A carreira como diretor cênico começou em 1989, com Cosi fan Tutte de W. A. Mozart, em Curitiba. Depois, estagiou em Berlim com bolsa de estudo concedida pelo Instituto Goethe e ITI (International Theatre Institute), em mais uma das surpreendentes voltas de sua carreira. “Eu frequentava o Instituto Goethe, que promovia workshops de teatro e música e ali conheci o teatrólogo alemão Henry Thorau. Fiquei amigo do diretor da entidade, Klaus Veter, e vez ou outra ele me pedia para levar convidados alemães para conhecer São Paulo. Numa dessas visitas, a caminho do Embu, paramos em minha casa para mostrar meu jardim – também sou paisagista – e um dos presentes, Renning Riechbieter (fundador e diretor das revistas Theather Heute e Oper Welt) viu sobre a mesa um recorte de revista da encenação de Orfeu e Eurídice feita por Harry Kupfer. Resumindo, Riechbieter era amigo de infância de Kupfer, que acabou me oferecendo um estágio na Komischer Oper e na Ópera de Berlim.” Walter foi o único diretor brasileiro a conseguir o feito.
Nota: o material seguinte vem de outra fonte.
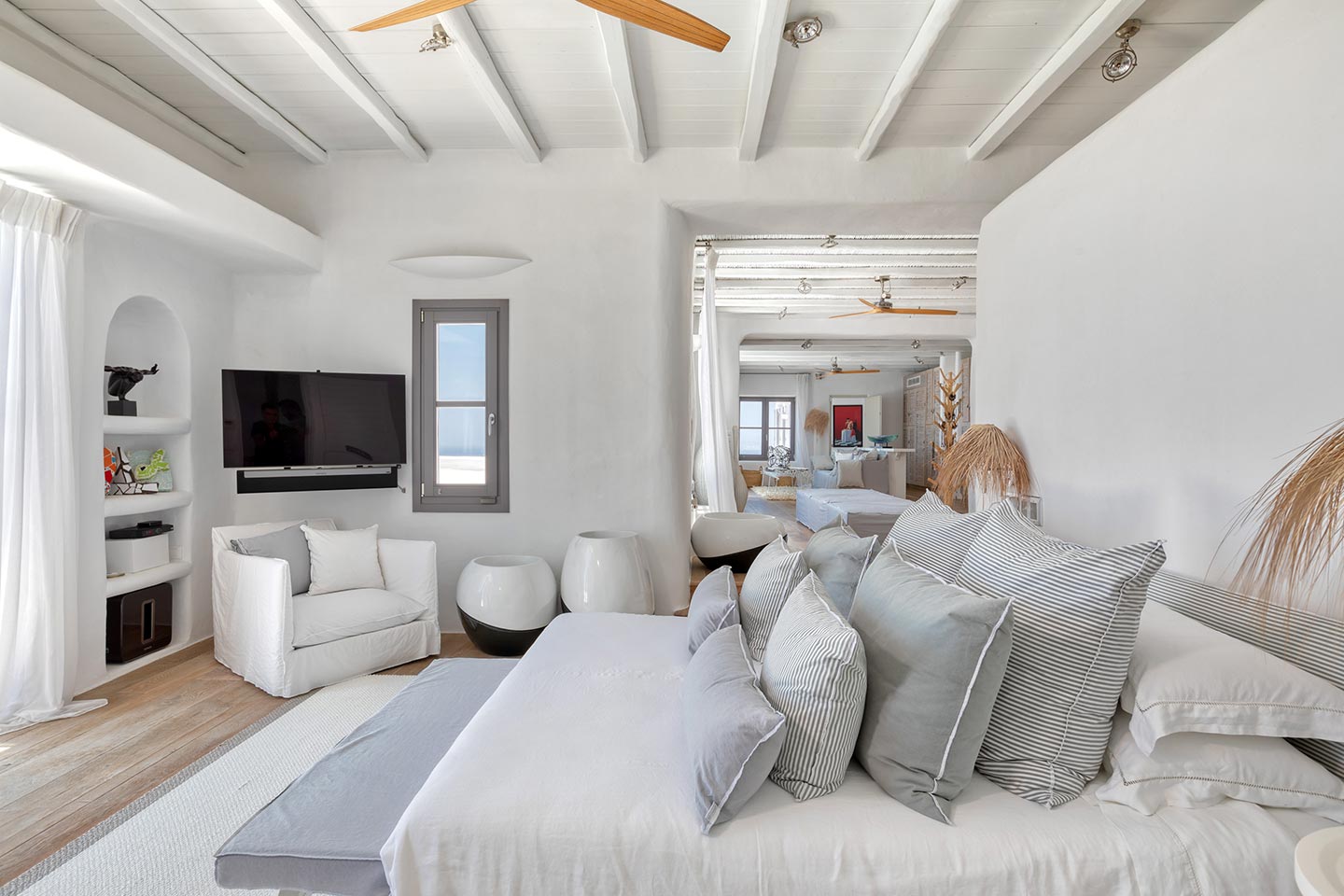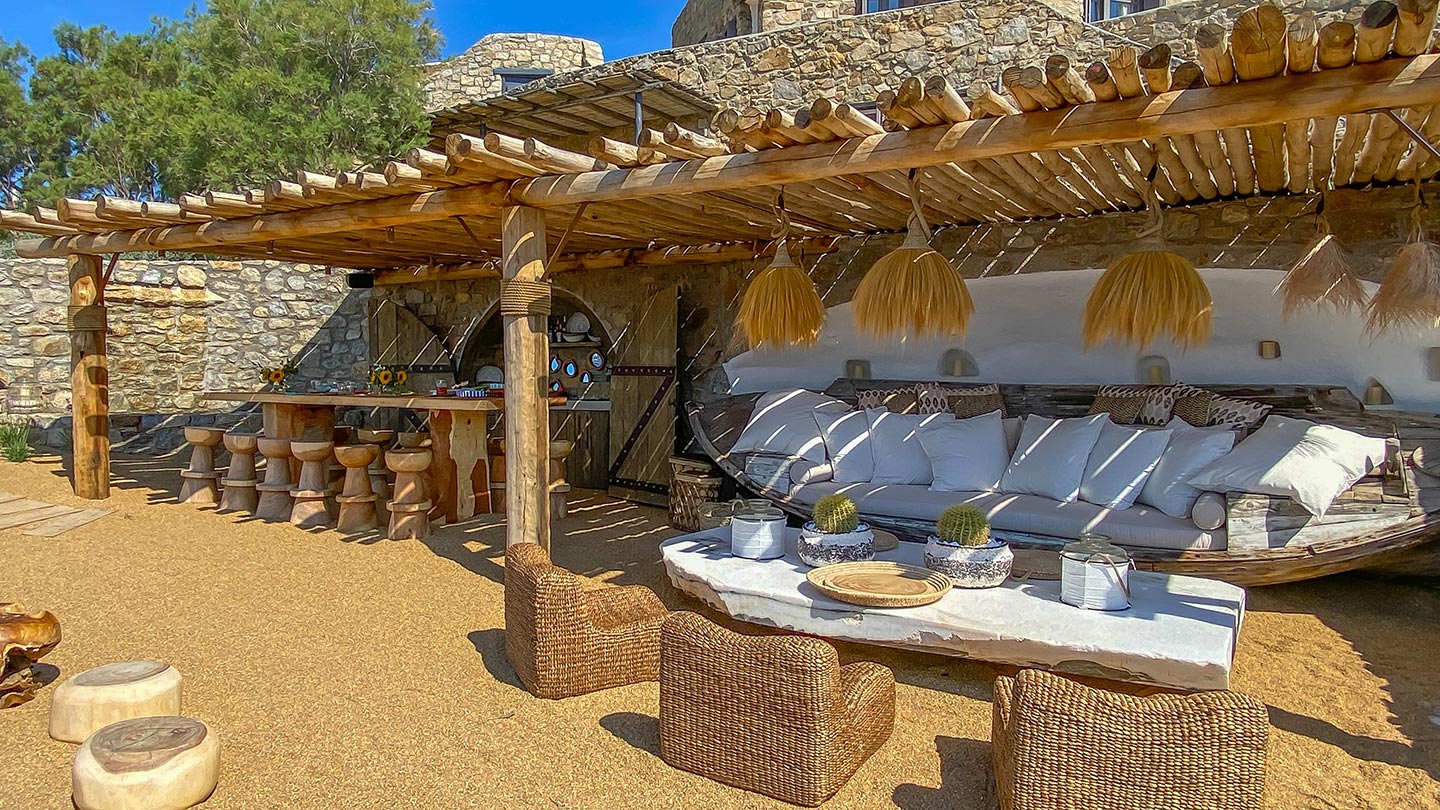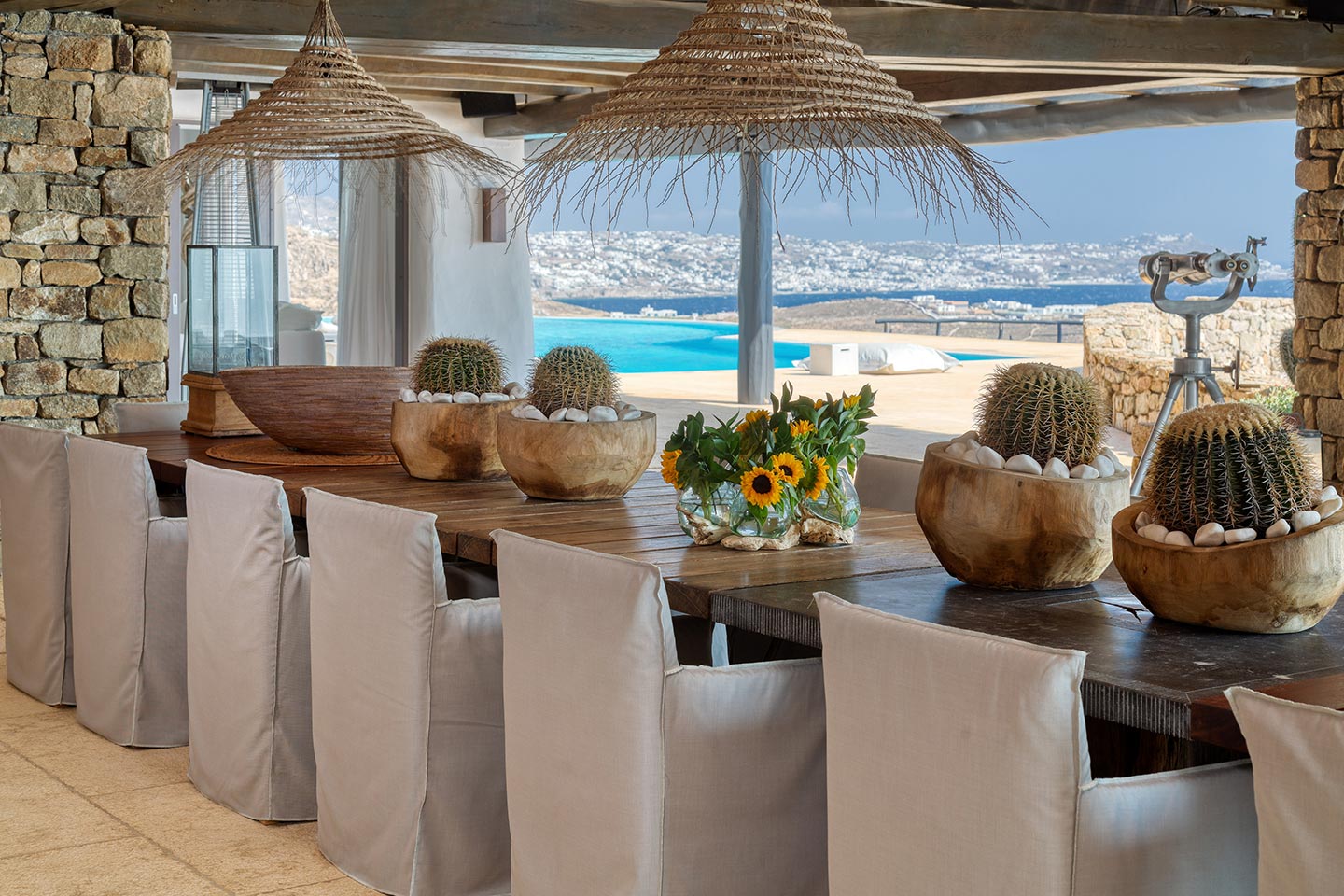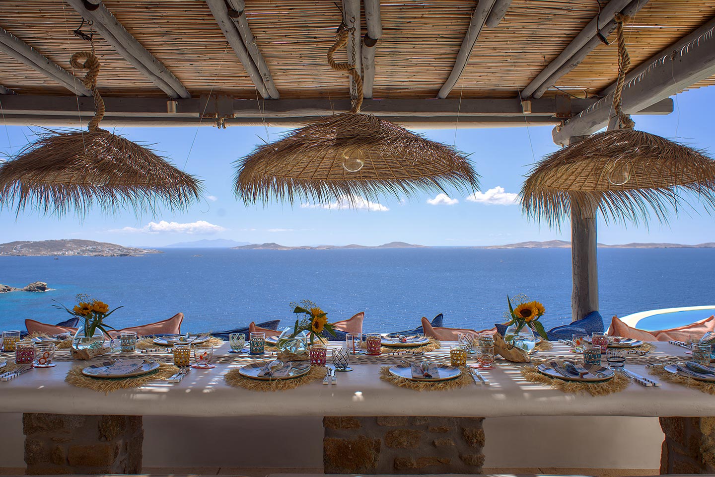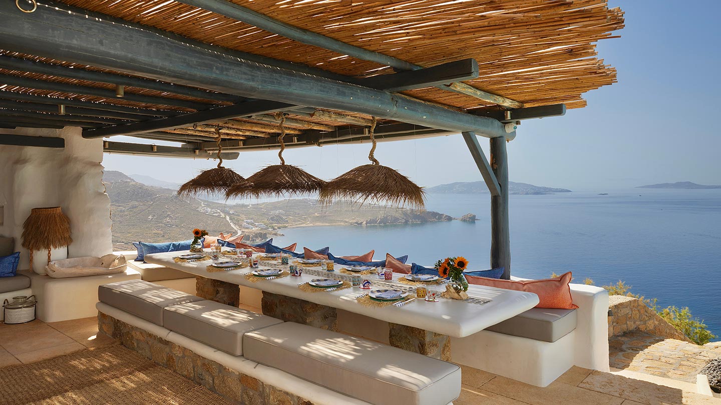 Perched majestically atop the cliffs of Houlakia, The villa stands as the crown jewel of Mykonos, offering an unparalleled private estate experience.Its strategic location provides awe-inspiring panoramic views of the azure Aegean Sea, creating a mesmerizing backdrop for an unforgettable stay.Every aspect of the villa is meticulously designed to integrate seamlessly with the island’s natural beauty. The estate’s architecture blends harmoniously with the rugged landscape, featuring a timeless stone and whitewashed exterior that embodies the quintessential Mykonian aesthetic.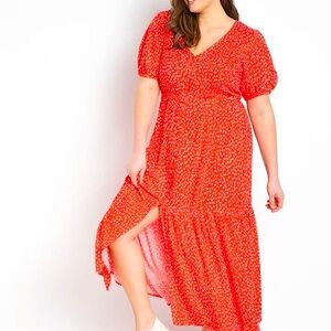 Eloquii Red Button Down Polka Dot Tiered Short Sleeve V-neck Maxi Dress

O diretor correu mundo – dirigiu La Bohème, La Traviata e Otello em Medellin, Colômbia. Don Pasquale foi apresentado na Cracóvia, na Polônia, e depois seguiu viagem por 20 cidades na Holanda e Bélgica.
No Brasil, Walter dirigiu em São Paulo, Ribeirão Preto, São José dos Campos, Rio de Janeiro, Florianópolis, Curitiba, Belo Horizonte, Brasília, Pelotas, Porto Alegre e Manaus, totalizando mais de uma centena de apresentações. É o idealizador do projeto Camargo Guarnieri/Ópera (1907/2007) com encenação da ópera Pedro Malazarte, que inclui a edição da partitura definitiva e um DVD, a primeira gravação mundial da genial parceria com o libretista desta ópera, o também escritor e musicólogo Mario de Andrade. Sua versão para teatro de bonecos da ópera A Flauta Mágica, de W. A. Mozart, foi consagrada com o Prêmio Coca-Cola no Teatro, em 1999.